PROMPT :: Between the line containing "serene woman resting" and the line containing "すると合計金額は50円下がって1350円になるのが分かるかな?" lies a run of lines; give that run again exactly, with both of those lines, and nothing else from the entries below.

RECORDED DATA ::
↓↓↓

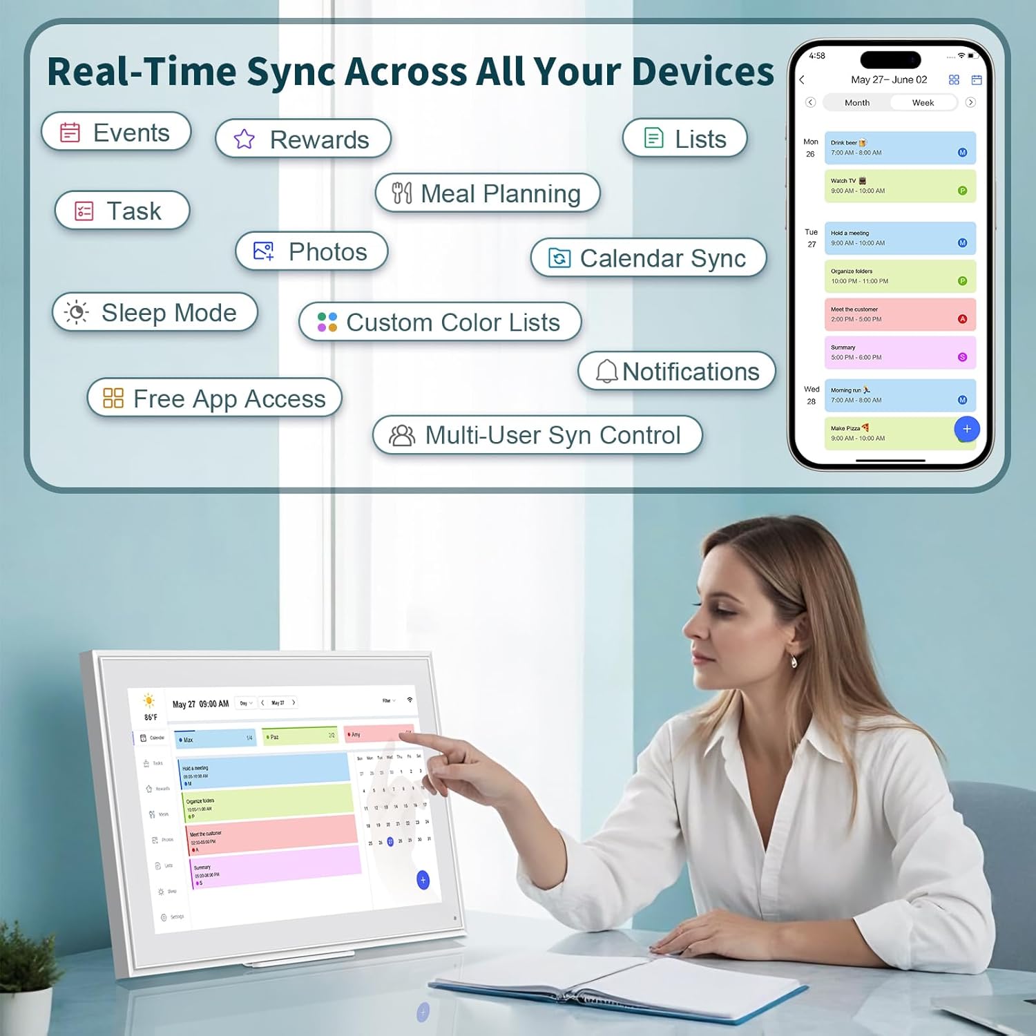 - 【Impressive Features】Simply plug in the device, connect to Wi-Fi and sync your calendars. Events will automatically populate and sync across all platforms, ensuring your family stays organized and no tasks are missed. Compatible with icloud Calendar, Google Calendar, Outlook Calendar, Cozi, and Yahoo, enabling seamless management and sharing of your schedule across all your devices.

↑↑↑
↓↓↓

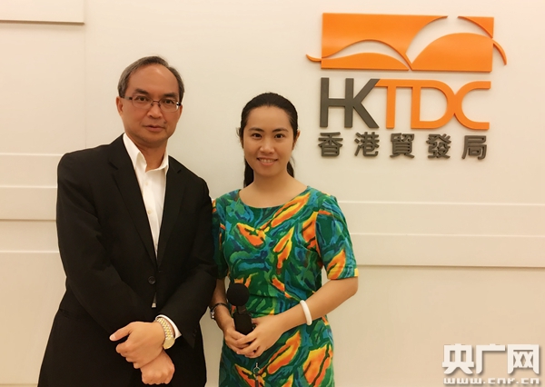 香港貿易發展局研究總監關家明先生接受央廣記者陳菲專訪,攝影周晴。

↑↑↑
↓↓↓

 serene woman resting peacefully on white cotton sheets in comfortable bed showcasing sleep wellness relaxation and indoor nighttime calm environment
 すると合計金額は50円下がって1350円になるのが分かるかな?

↑↑↑

RESULT OF THIS TASK ::
 serene woman resting peacefully on white cotton sheets in comfortable bed showcasing sleep wellness relaxation and indoor nighttime calm environment
 すると合計金額は50円下がって1350円になるのが分かるかな?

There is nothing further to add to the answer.